Poets and Murder
- First edition (UK)
- Author: Robert van Gulik
- Series: Judge Dee
- Genre: Gong'an fiction, Mystery, Detective novel, Crime
- Publisher: Heinemann
- Publication date: 1968
- Media type: Print
- Pages: 174 pp
- ISBN: 9780434825578
- OCLC: 34722109
- Dewey Decimal: 823/.914 20
- LC Class: PR6057.U45 P64 1996
- Preceded by: Necklace and Calabash
- Followed by: None

= Poets and Murder =

1968 novel by Robert van Gulik

Poets and Murder is a gong'an detective novel written by Robert van Gulik and set in Imperial China (roughly speaking the Tang dynasty). It is a fiction based on the real character of Judge Dee (Ti Jen-chieh or Di Renjie), a magistrate and statesman of the Tang court, who lived roughly 630-700.

The book features eight illustrations by the author along with a detailed layout of the residence where the action takes place.

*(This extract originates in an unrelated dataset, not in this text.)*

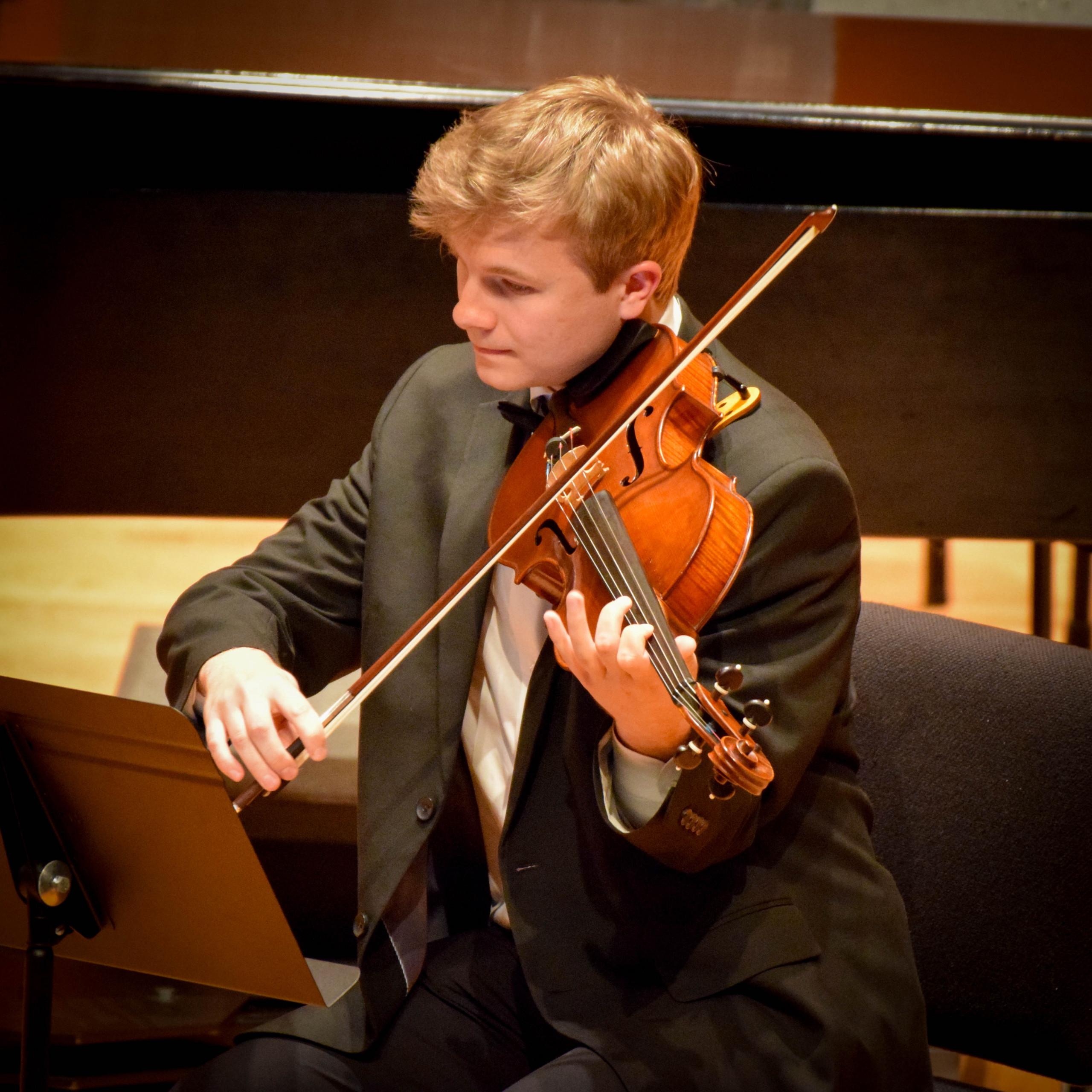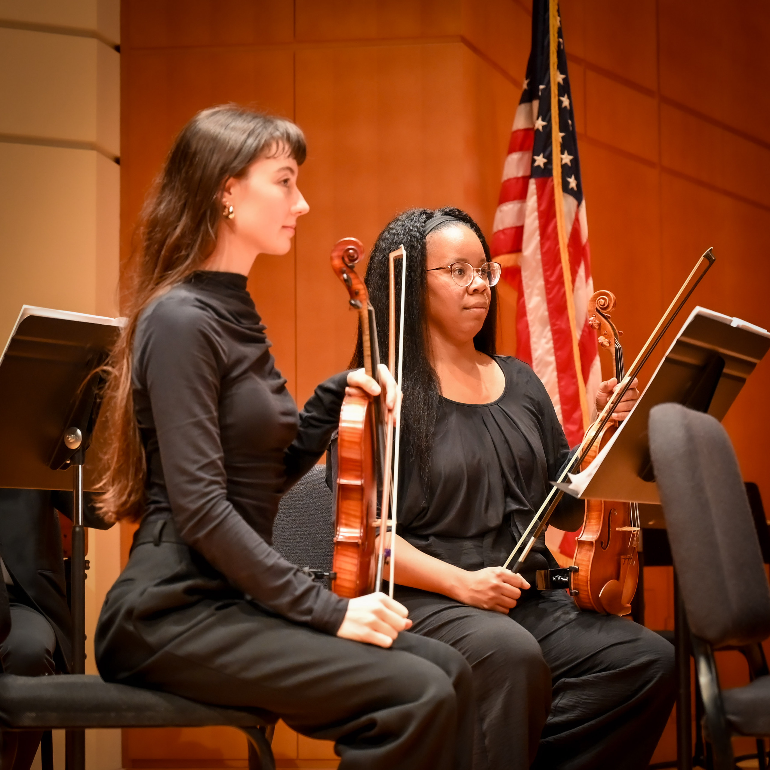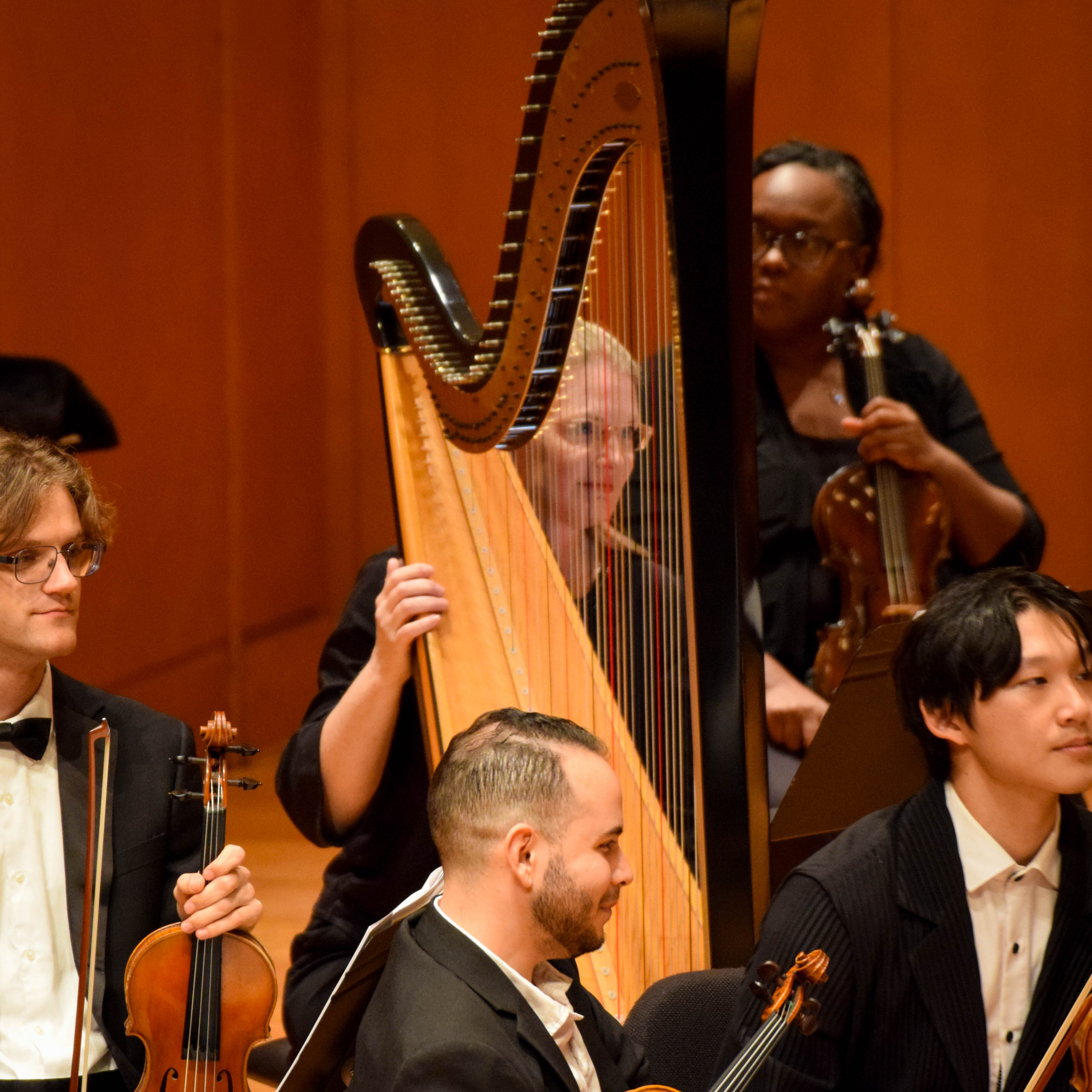 While the audience listened to a message from the maestro, a significant change was made to the orchestra arrangement. The stage then welcomed violist Yinzi Kong, joined once again by the Vega String Quartet and the string sections of the LaGrange Symphony Orchestra, for Herbert Howells’ Elegy for Solo Viola, String Quartet, and String Orchestra.

Poets and Murder was the last Judge Dee novel written by Robert van Gulik. He completed it just before his death from cancer in 1967. The book was published one year after his death.

==Plot introduction==
Judge Dee is a magistrate in the fictional Poo-yang district, a wealthy area through which the Grand Canal of China runs (part of modern-day Jiangsu province). During the mid-autumn festival in the city of Chin-hwa, Judge Dee is a guest of a small group of distinguished scholars. However, he learns during dinner that a young girl has been murdered and the accused is a beautiful poet. She is thought to have whipped her maidservant to death. Then the body of a student is also discovered. The poet is based on Chinese courtesan and poet Yu Xuanji.

Poo-yang was the setting for many Judge Dee stories including: The Emperor's Pearl, The Chinese Bell Murders, Necklace and Calabash, and The Red Pavilion.

The book was also published in the US under the title of The Fox Magic Murders.

==Background==
The case of the poet is based on a real case, concerning Yü Hsüan-chi.